British actor Dan Stevens plays a gee-whiz returning soldier from the Iraq conflict, dropping in on the household of a dead comrade. Director Wingard and screenwriter Barrett fashion a narrative in which the “guest” becomes a protector, offering solutions to the family’s problems. The packaging of the story is a slick reminder of James Cameron’s “The Terminator” and the Frankenstein myth, paired with a poignant metaphor for the break-it-bought-it mentality of America’s current Middle East circumstances. What seems like the guest’s “solutions” only generates more chaos, which is familiar in this week’s headlines. There are no solutions in fighting this war, only consequences.

David (Dan Stevens) is an Iraq War veteran who takes it upon himself to become the “guest” of his dead platoon mate’s family. Mother Laura (Sheila Kelley) is most accepting, but eventually David ingratiates himself within the entire household, which includes father Spencer (Leland Orser), brother Luke (Brendan Meyer) older sister Anna (Maika Monroe).

Dan Stevens
David (Dan Stevens) Takes Aim in ‘The Guest’
Photo credit: Picturehouse

There is something odd about the veteran, and Anna notices it first. With a little digging, his service is not traceable. It turns out David is part of a conditioning experiment from the defense industry, and is programmed to protect and serve. He takes it to the extreme with his adopted family, and his actions produce consequences for the family and their community.

This is an essential sci-fi thriller, as it manufactures several levels of paranoia, cold calculation and karma retribution. This is a mirror held up to anyone who fears who we’re “fighting,” because in the end we’re actually constructing a battleground within ourselves. To make a returning Middle East veteran into a virtual killing machine becomes the right symbol for perpetual warfare, which inevitably will come back – at least psychologically – to our shores.

Stevens lights up the screen with the portrayal of David, and never flinches from being who he has become. There is a great barroom scene where he takes on a bunch of fascist bullies – and of course it’s sympathetic – but unlike the do-gooder protections of Schwarzenegger in “Terminator 2,” the flip side of David becomes a chilling nightmare, brought to epic conclusion in a Halloween “funhouse.” The film is ripe with sardonic nudges like that.

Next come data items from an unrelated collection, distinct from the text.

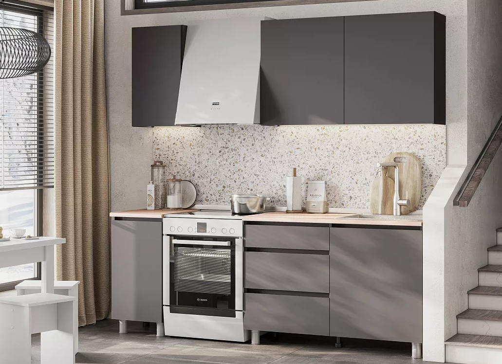 Однотонные матовые фасады приятного оттенка Графит серый не имеют лицевой фурнитуры, что придаёт мебели уникальный стиль.
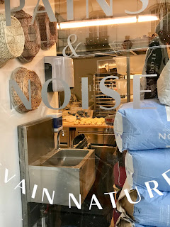 As I walked home from the right bank this afternoon, I passed another good bakery close to our apartment. In the back you could see where bread was being made. Loaves of raisin bread were out rising. Lined up in the window were these large sacks of many types of flours. The French sure know how to make the best bread and pastries.
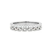 Esta churumbela está elaborada en plata .925 con baño de rodio, ofreciendo un acabado brillante y duradero. Su diseño combina dos estilos en una sola pieza: una hilera superior con diseño tipo cadena y, en la parte inferior, una línea continua de moissanitas, creando un contraste moderno y sofisticado. Esta combinación aporta textura, brillo y un carácter distintivo, ideal para quienes buscan una joya versátil y diferente.
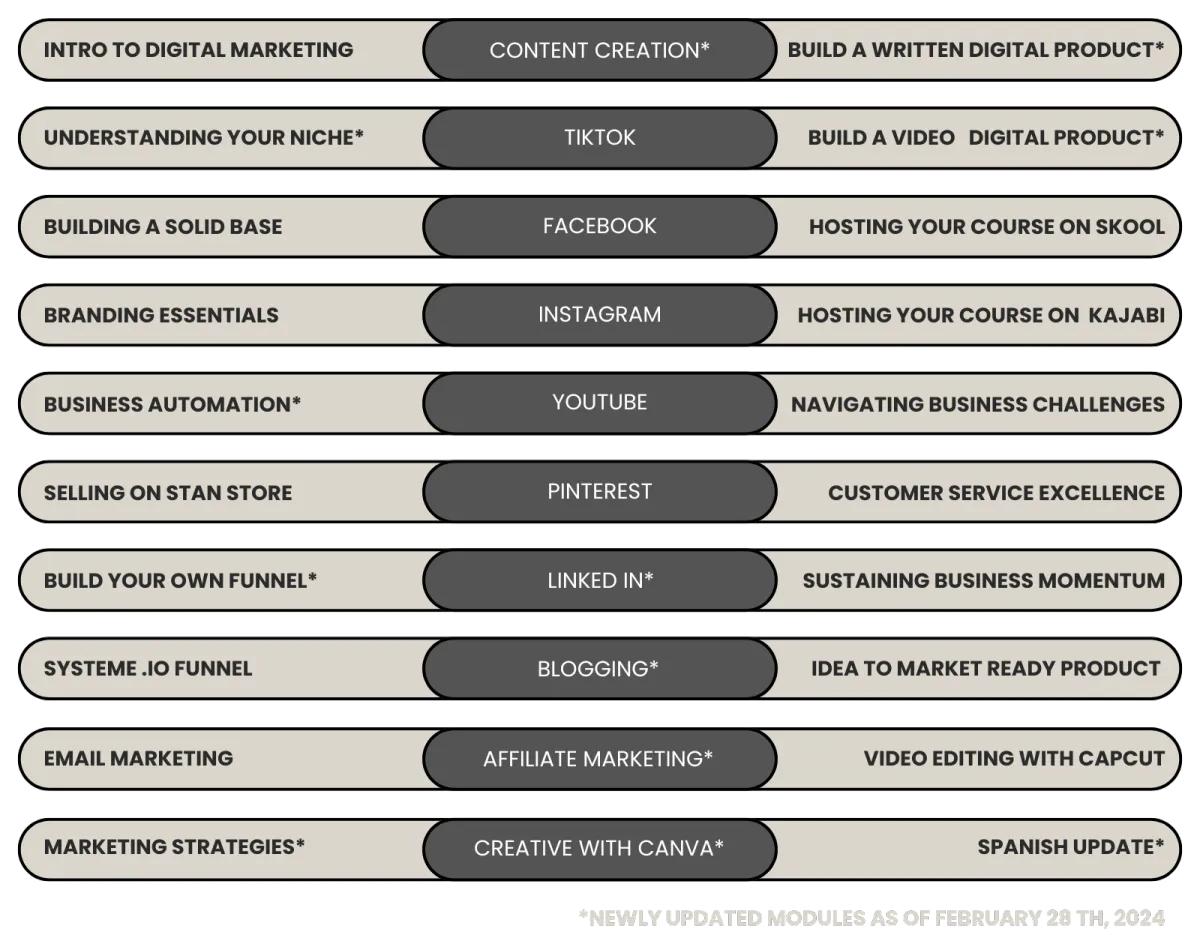In the next section you will see the modules included in this comprehensive course. You will receive immediate access to the course itself and access to a free community of success-minded business owners of all experience levels ready to connect and support! Additionally, you will receive a Master Resell Rights license to sell this product with your own branding.
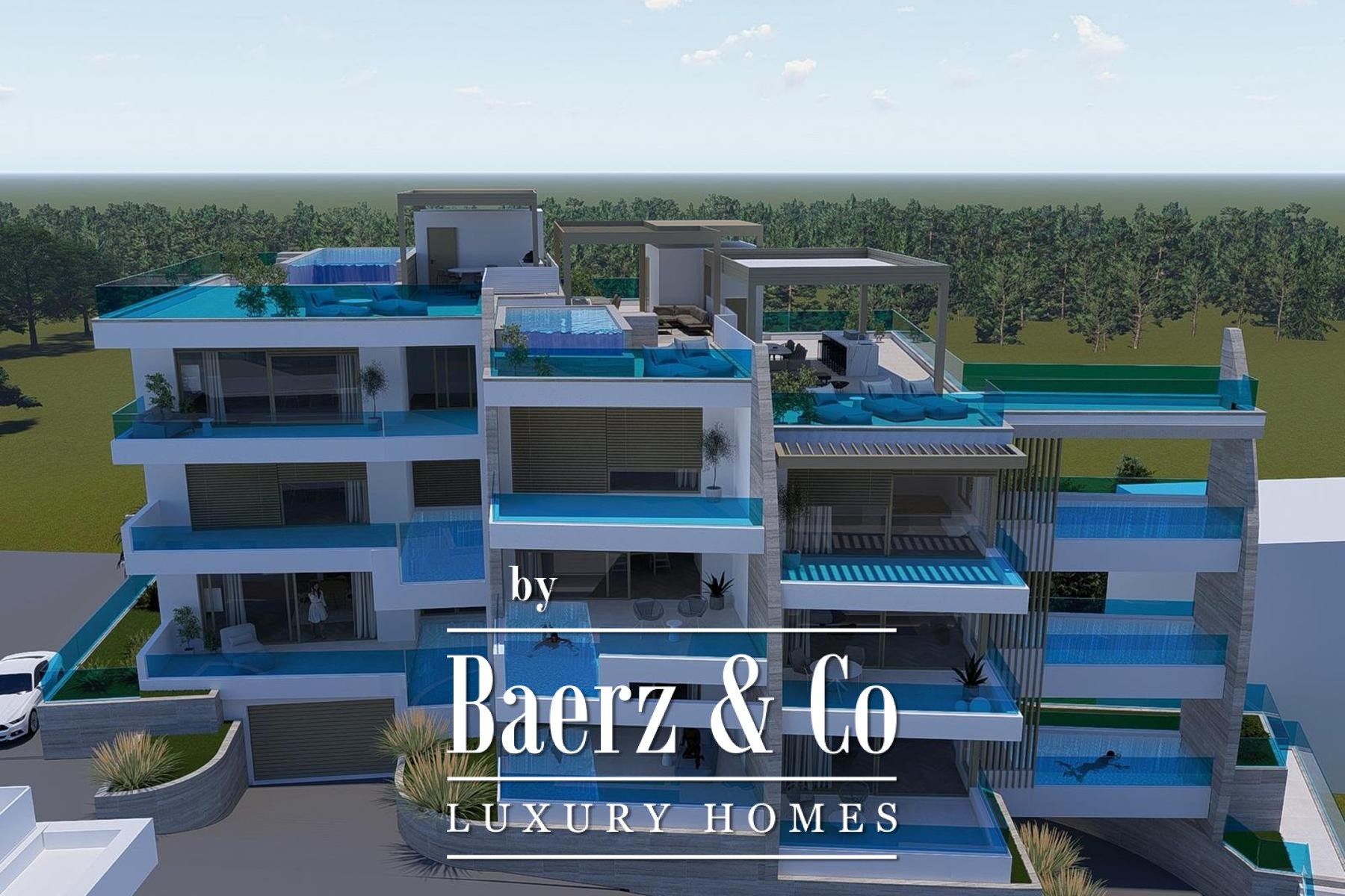 and dining room, three bedrooms, each with a private bathroom, and a spacious terrace with a swimming pool and sea view. Each room has air conditioning, and the apartment also has underfloor heating.The building is located just 40 meters from the sea. It is a luxury project consisting of two buildings, with a total of 9 apartments, where each apartment has a private pool.We are at your disposal for all other information.
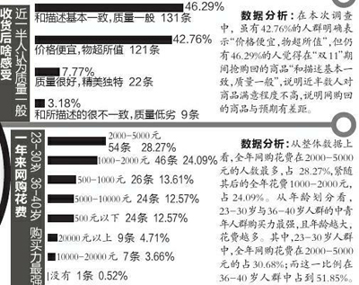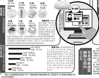 媒體對(duì)這些調(diào)查數(shù)據(jù)逐一分析。結(jié)果顯示,“雙11”期間,西安網(wǎng)購(gòu)人群最愛買衣服,花費(fèi)在500-2000元的人占44.5%。
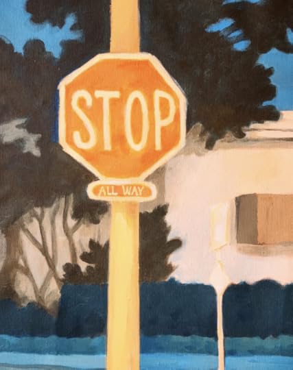 This painting is based on photographs I took when driving home one night in Burbank, when I saw this coyote scavenging out of the trash cans behind the grocery store.
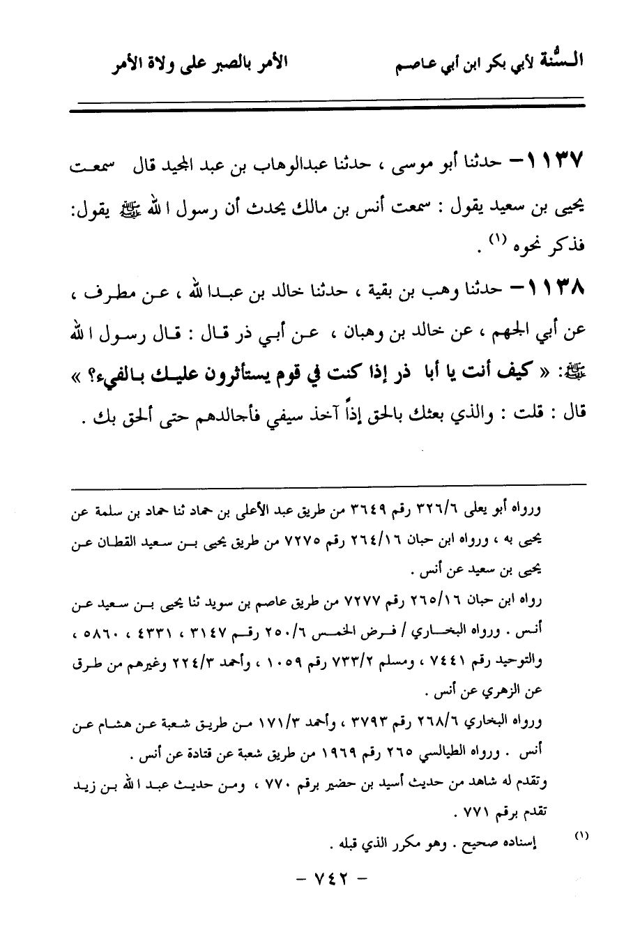 1138 - حَدَّثنا وَهْبُ بْنُ بَقِيَّةَ، حَدَّثنا خَالِدُ بْنُ عَبْدِ اللهِ، عَنْ مُطَرِّفٍ، عَنْ أَبِي الْجَهْمِ، عَنْ خَالِدِ بْنِ وَهْبَانَ، عَنْ أَبِي ذَرٍّ، قَالَ: قَالَ رَسُولُ اللهِ صَلى الله عَلَيهِ وسَلمَ: كَيْفَ أَنْتَ يَا أَبَا ذَرٍّ إِذَا كُنْتَ فِي قَوْمٍ يَسْتَأْثِرُونَ عَلَيْكَ بِالْفَيْءِ؟ قَالَ: قُلْتُ: وَالَّذِي بَعَثَكَ بِالْحَقِّ إِذًا آخُذُ سَيْفِي فَأُجَالِدُهُمْ حَتَّى أَلْحَقَ بِكَ، قَالَ: أَوَلاَ أَدُلُّكَ عَلَى خَيْرٍ مِنْ ذَلِكَ، تَصْبِرُ حَتَّى تَلْقَانِي.
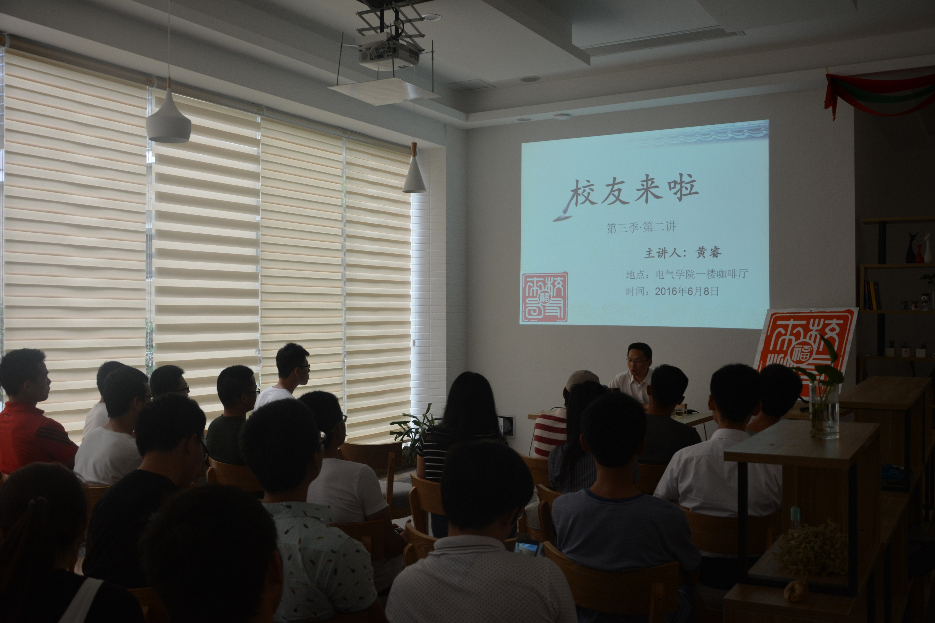 校友来了系列讲座第三季第二讲在新楚楼一楼咖啡厅成功举办。此次讲座邀请了校友黄睿先生作主讲人。黄睿先生现任国网福建省电力有限公司调度中心设备监控管理处副处长。

And beyond the role of David, the film features sharp casting. Maika Monroe is a white trashy Nancy Drew as Anna, and projects a feminist determination that is paired with a character who displays refreshing curiosity. Leland Orser sets the right tone for the beleaguered father, symbolizing the dashed American dreams of the now unimportant middle class, who give up their sons to fight wars for rich oligarchs. Sheila Kelley as the mother is also intriguing – she lends her natural hangdog expression to some effective scene work.

Maika Monroe, Brendan Meyer
Luke (Brendan Meyer) and Anna (Maika Monroe) Get Lost in the Funhouse in ‘The Guest’
Photo credit: Picturehouse

Where the films also shines is in the tweaking of the science fiction thriller genre of the “Terminator” era, which includes the hapless bureaucracy on display in 1983’s “WarGames.” The defense contractor, actually looking to profit from their creation, just freaks out when their Frankenstein monster goes in another direction, and then can’t stop it themselves. This is another perfect symbol for the unending, unyielding and current war strategies.

There is wit, thrills and heroics aplenty in “The Guest,” and of course a hint towards a sequel. If the story continues, let’s hope that David doesn’t become any more than what he is, a pawn in the virtual game of war and risk, in which every new move leads to more and bitter failure.

“The Guest” opens everywhere on September 17th. Featuring Dan Stevens, Sheila Kelley, Maika Monroe, Leland Orser, Brendan Meyer and Lance Reddick. Written by Simon Barrett. Directed by Adam Wingard. Rated “R”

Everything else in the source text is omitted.